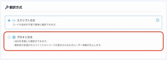 従来のブラウザ上でのみ翻訳をするスクリプト翻訳方式に加え、プロキシ型翻訳に対応しました。
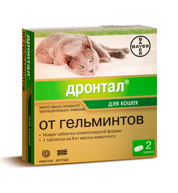 ДРОНТАЛ назначают кошкам с лечебной и профилактической целью при нематодозах и цестодозах.
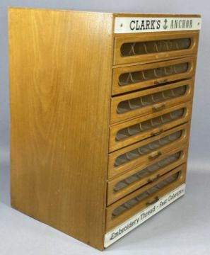 CLARK'S ANCHOR LIGHTWOOD SEVEN-DRAWER ADVERTISING CABINET FOR EMBROIDERY THREADS, 60cms H, 44.5cms W, 37cms D
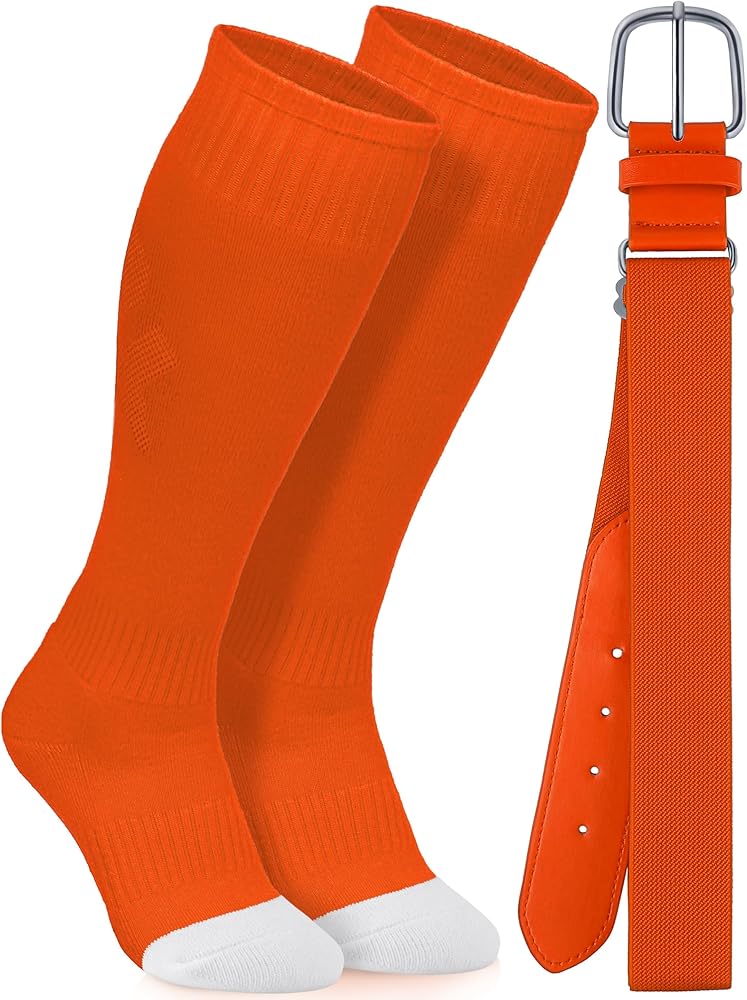 مجموعة جوارب وأحزمة البيسبول: تتضمن هذه المجموعة الكاملة زوجًا واحدًا من جوارب البيسبول المصنوعة من البوليستر الماص للرطوبة وحزام مطاطي مطابق. مصممة للبيسبول والكرة اللينة وكرة القدم والكرة الطائرة
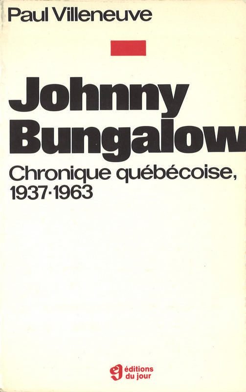Que raconte ce roman ? Au tribunal, Jean Martin, alias Johnny Bungalow, se défend d’un crime dont les circonstances exactes seront connues plus tard. Johnny explique au juge et à la cour son rôle dans une affaire où il est « accusé de tentative de meurtre, d’assaut, etc. » Ses propos ressemblent à ceux d’un sympathisant felquiste, sympathie dont l’accusera justement Perry, son beau-père. Sa défense, c’est le roman que nous lisons, « la vie de deux générations d’hommes et de femmes […] ayant vécu dans la misère ». Cette plaidoirie initiale couvre dix pages, après quoi on retourne en arrière pour suivre le périple de la famille Martin de Montréal jusqu’en Abitibi, nouvelle terre promise, où le père succombe à un bête accident de travail impliquant un cheval, clin d’œil à l’Angéline de Montbrun de Laure Conan. On assiste ensuite au retour de la mère et des enfants à Montréal, à leur vie difficile, à la prise de conscience politique de Jean, devenu Johnny à la faveur de la rencontre de sa mère avec Perry, le père adoptif anglophone (qui s’exprime également dans un français impeccable). Son frère Marc va tranquillement se ranger. André, son autre frère, sombrera lentement dans une folie dont il ne se sortira plus. Le récit nous conduit jusque sur la Côte-Nord et ses installations hydro-électriques, nouvelles à l’époque, où la révolte de Johnny prend une dimension collective et le mène aux multiples comptes qu’il entend régler avec lui-même, avec son passé de colonisé et, surtout, avec ce père adoptif qui cristallise une bonne partie des griefs de Johnny. Johnny aime pourtant Perry au point de s’être fait tatouer leurs prénoms côte à côte sur le bras gauche. Après une tentative de meurtre sur la personne de Perry, Johnny fuit vers les États-Unis, pourchassé par la police.
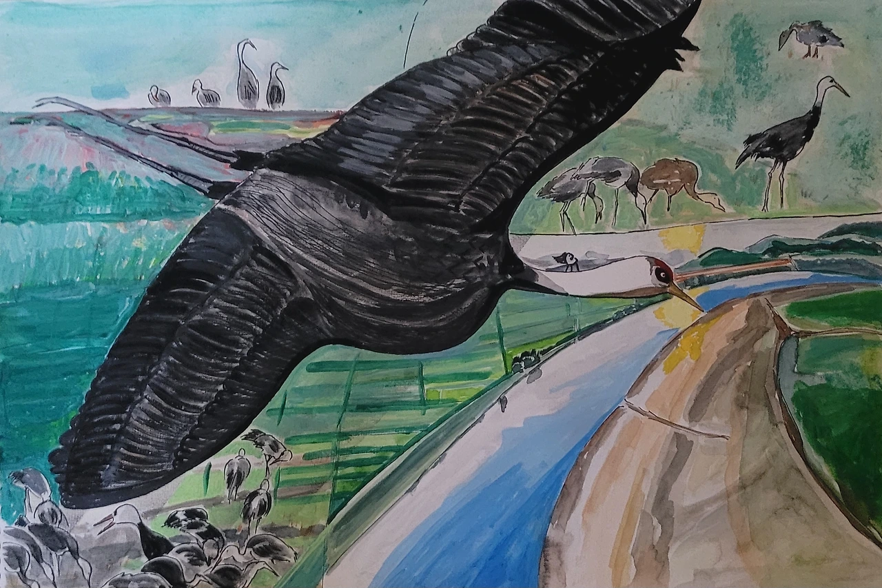 포식자에게 흑두루미 떼가 먹히지 않으려는 필사의 장면을 보면서 난 가끔 삶이 전쟁터 같다는 생각을 많이 했다. 내가 사랑한 흑두루미를 이 무더위에 다시 그려보니 가슴이 뜨거워졌다. 지금 저 많은 흑두루미들은 어디서 쉬고 있을까?
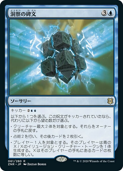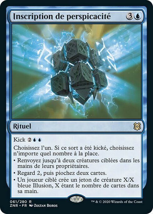 ![]() Variations : 1Parts : 2 | Inscription of InsightKicker Choose one. If this spell was kicked, choose any number instead. • Return up to two target creatures to their owners' hands. • Scry 2, then draw two cards. • Target player creates an X/X blue Illusion creature token, where X is the number of cards in their hand.
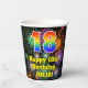 Este divertido y colorido diseño de taza de papel de cumpleaños presenta un gran número "18" con un patrón inspirado en el gradiente del espectro del arcoiris. También incluye el mensaje "Feliz cumpleaños número 18", y un nombre editable. El fondo presenta un patrón colorido inspirado en fuegos artificiales de celebración. Coloridas y vibrantes tazas de papel como esta pueden ser divertidas de usar en una fiesta de cumpleaños/celebración que se lleva a cabo en celebración del décimo octavo cumpleaños de alguien. [~Z0000539]
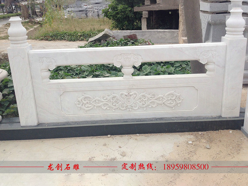 漢白玉欄桿、花崗石欄桿。完整的大理石欄桿由立柱、欄板、抱鼓、花托等幾部分組成。
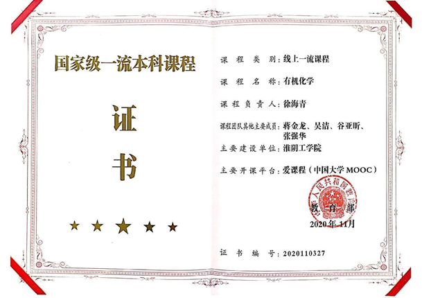 淮阴工学院有机化学课程获批国家级一流本科课程,教育部,2020。

:: Exercise description ::
From the material above, output every line exactly as written, dropping any picture.

:: Written answer ::
 従来のブラウザ上でのみ翻訳をするスクリプト翻訳方式に加え、プロキシ型翻訳に対応しました。
 ДРОНТАЛ назначают кошкам с лечебной и профилактической целью при нематодозах и цестодозах.
 CLARK'S ANCHOR LIGHTWOOD SEVEN-DRAWER ADVERTISING CABINET FOR EMBROIDERY THREADS, 60cms H, 44.5cms W, 37cms D
 مجموعة جوارب وأحزمة البيسبول: تتضمن هذه المجموعة الكاملة زوجًا واحدًا من جوارب البيسبول المصنوعة من البوليستر الماص للرطوبة وحزام مطاطي مطابق. مصممة للبيسبول والكرة اللينة وكرة القدم والكرة الطائرة
Que raconte ce roman ? Au tribunal, Jean Martin, alias Johnny Bungalow, se défend d’un crime dont les circonstances exactes seront connues plus tard. Johnny explique au juge et à la cour son rôle dans une affaire où il est « accusé de tentative de meurtre, d’assaut, etc. » Ses propos ressemblent à ceux d’un sympathisant felquiste, sympathie dont l’accusera justement Perry, son beau-père. Sa défense, c’est le roman que nous lisons, « la vie de deux générations d’hommes et de femmes […] ayant vécu dans la misère ». Cette plaidoirie initiale couvre dix pages, après quoi on retourne en arrière pour suivre le périple de la famille Martin de Montréal jusqu’en Abitibi, nouvelle terre promise, où le père succombe à un bête accident de travail impliquant un cheval, clin d’œil à l’Angéline de Montbrun de Laure Conan. On assiste ensuite au retour de la mère et des enfants à Montréal, à leur vie difficile, à la prise de conscience politique de Jean, devenu Johnny à la faveur de la rencontre de sa mère avec Perry, le père adoptif anglophone (qui s’exprime également dans un français impeccable). Son frère Marc va tranquillement se ranger. André, son autre frère, sombrera lentement dans une folie dont il ne se sortira plus. Le récit nous conduit jusque sur la Côte-Nord et ses installations hydro-électriques, nouvelles à l’époque, où la révolte de Johnny prend une dimension collective et le mène aux multiples comptes qu’il entend régler avec lui-même, avec son passé de colonisé et, surtout, avec ce père adoptif qui cristallise une bonne partie des griefs de Johnny. Johnny aime pourtant Perry au point de s’être fait tatouer leurs prénoms côte à côte sur le bras gauche. Après une tentative de meurtre sur la personne de Perry, Johnny fuit vers les États-Unis, pourchassé par la police.
 포식자에게 흑두루미 떼가 먹히지 않으려는 필사의 장면을 보면서 난 가끔 삶이 전쟁터 같다는 생각을 많이 했다. 내가 사랑한 흑두루미를 이 무더위에 다시 그려보니 가슴이 뜨거워졌다. 지금 저 많은 흑두루미들은 어디서 쉬고 있을까?
 ![]() Variations : 1Parts : 2 | Inscription of InsightKicker Choose one. If this spell was kicked, choose any number instead. • Return up to two target creatures to their owners' hands. • Scry 2, then draw two cards. • Target player creates an X/X blue Illusion creature token, where X is the number of cards in their hand.
 Este divertido y colorido diseño de taza de papel de cumpleaños presenta un gran número "18" con un patrón inspirado en el gradiente del espectro del arcoiris. También incluye el mensaje "Feliz cumpleaños número 18", y un nombre editable. El fondo presenta un patrón colorido inspirado en fuegos artificiales de celebración. Coloridas y vibrantes tazas de papel como esta pueden ser divertidas de usar en una fiesta de cumpleaños/celebración que se lleva a cabo en celebración del décimo octavo cumpleaños de alguien. [~Z0000539]
 漢白玉欄桿、花崗石欄桿。完整的大理石欄桿由立柱、欄板、抱鼓、花托等幾部分組成。
 淮阴工学院有机化学课程获批国家级一流本科课程,教育部,2020。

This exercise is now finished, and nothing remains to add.